* _Work order_: Omit the pictures and return exactly the stretch of the material below from the line with "فرمول کلی هیدروکربن" through the line with "이나윤은 건축 사무소".

* _Extracted information_:
-- -- --

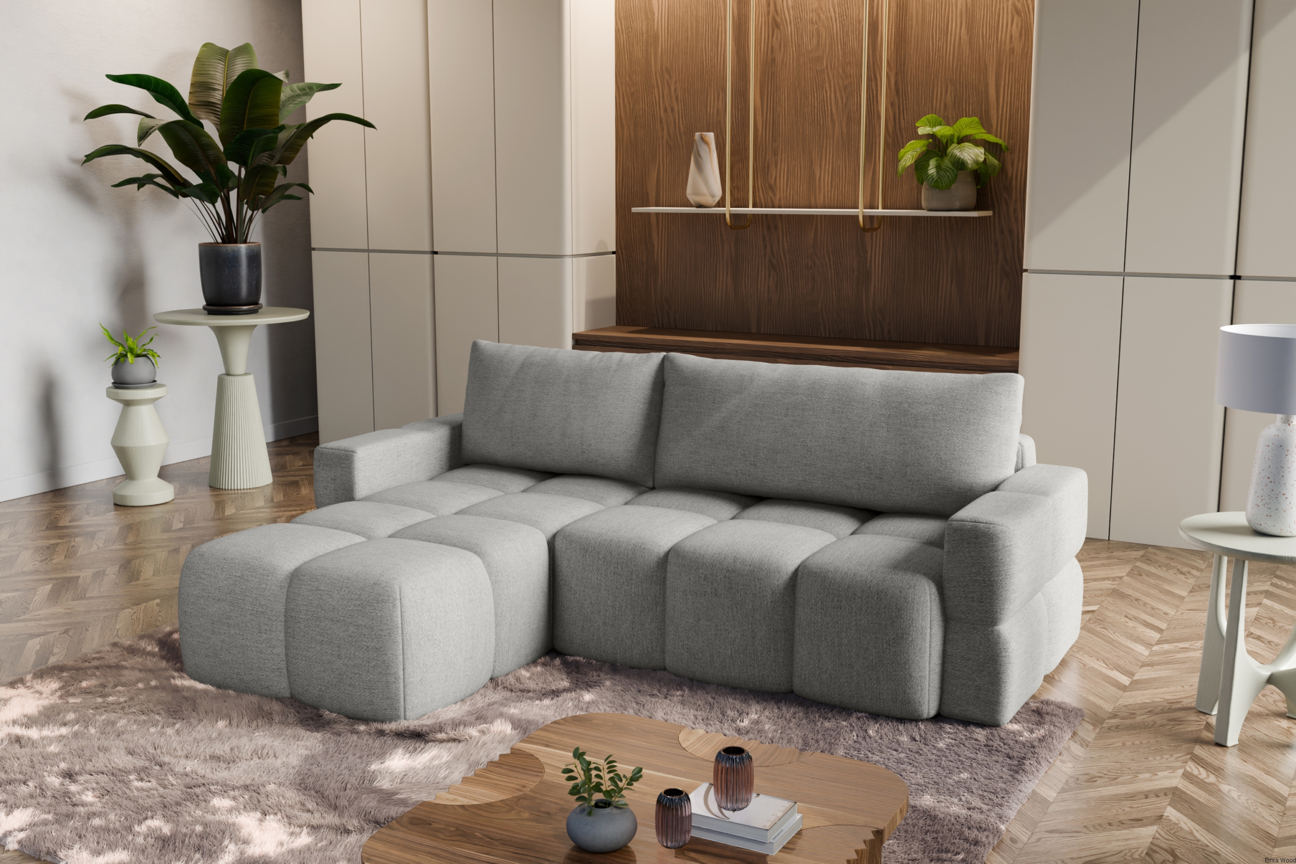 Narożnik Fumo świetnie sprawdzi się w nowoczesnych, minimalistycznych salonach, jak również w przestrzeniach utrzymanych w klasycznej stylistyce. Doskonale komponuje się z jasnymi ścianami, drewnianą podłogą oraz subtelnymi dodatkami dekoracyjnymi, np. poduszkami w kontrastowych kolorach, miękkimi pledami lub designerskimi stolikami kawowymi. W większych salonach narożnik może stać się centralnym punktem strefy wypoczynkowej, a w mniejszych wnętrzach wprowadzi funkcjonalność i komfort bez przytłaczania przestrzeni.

-- -- --

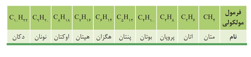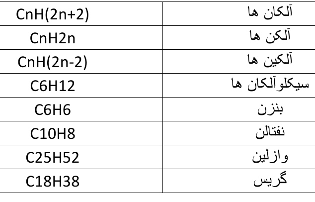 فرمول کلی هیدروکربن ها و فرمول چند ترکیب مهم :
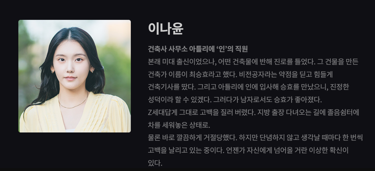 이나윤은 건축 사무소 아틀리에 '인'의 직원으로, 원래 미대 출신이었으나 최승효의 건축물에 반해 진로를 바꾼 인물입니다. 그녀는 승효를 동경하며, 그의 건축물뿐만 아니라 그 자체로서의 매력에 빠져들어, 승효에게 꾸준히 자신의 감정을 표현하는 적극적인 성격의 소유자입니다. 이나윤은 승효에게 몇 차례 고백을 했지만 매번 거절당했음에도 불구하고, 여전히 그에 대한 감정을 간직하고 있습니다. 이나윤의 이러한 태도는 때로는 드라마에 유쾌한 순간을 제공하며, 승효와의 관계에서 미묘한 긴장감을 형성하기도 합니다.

-- -- --

* _Response area_:
 فرمول کلی هیدروکربن ها و فرمول چند ترکیب مهم :
 이나윤은 건축 사무소 아틀리에 '인'의 직원으로, 원래 미대 출신이었으나 최승효의 건축물에 반해 진로를 바꾼 인물입니다. 그녀는 승효를 동경하며, 그의 건축물뿐만 아니라 그 자체로서의 매력에 빠져들어, 승효에게 꾸준히 자신의 감정을 표현하는 적극적인 성격의 소유자입니다. 이나윤은 승효에게 몇 차례 고백을 했지만 매번 거절당했음에도 불구하고, 여전히 그에 대한 감정을 간직하고 있습니다. 이나윤의 이러한 태도는 때로는 드라마에 유쾌한 순간을 제공하며, 승효와의 관계에서 미묘한 긴장감을 형성하기도 합니다.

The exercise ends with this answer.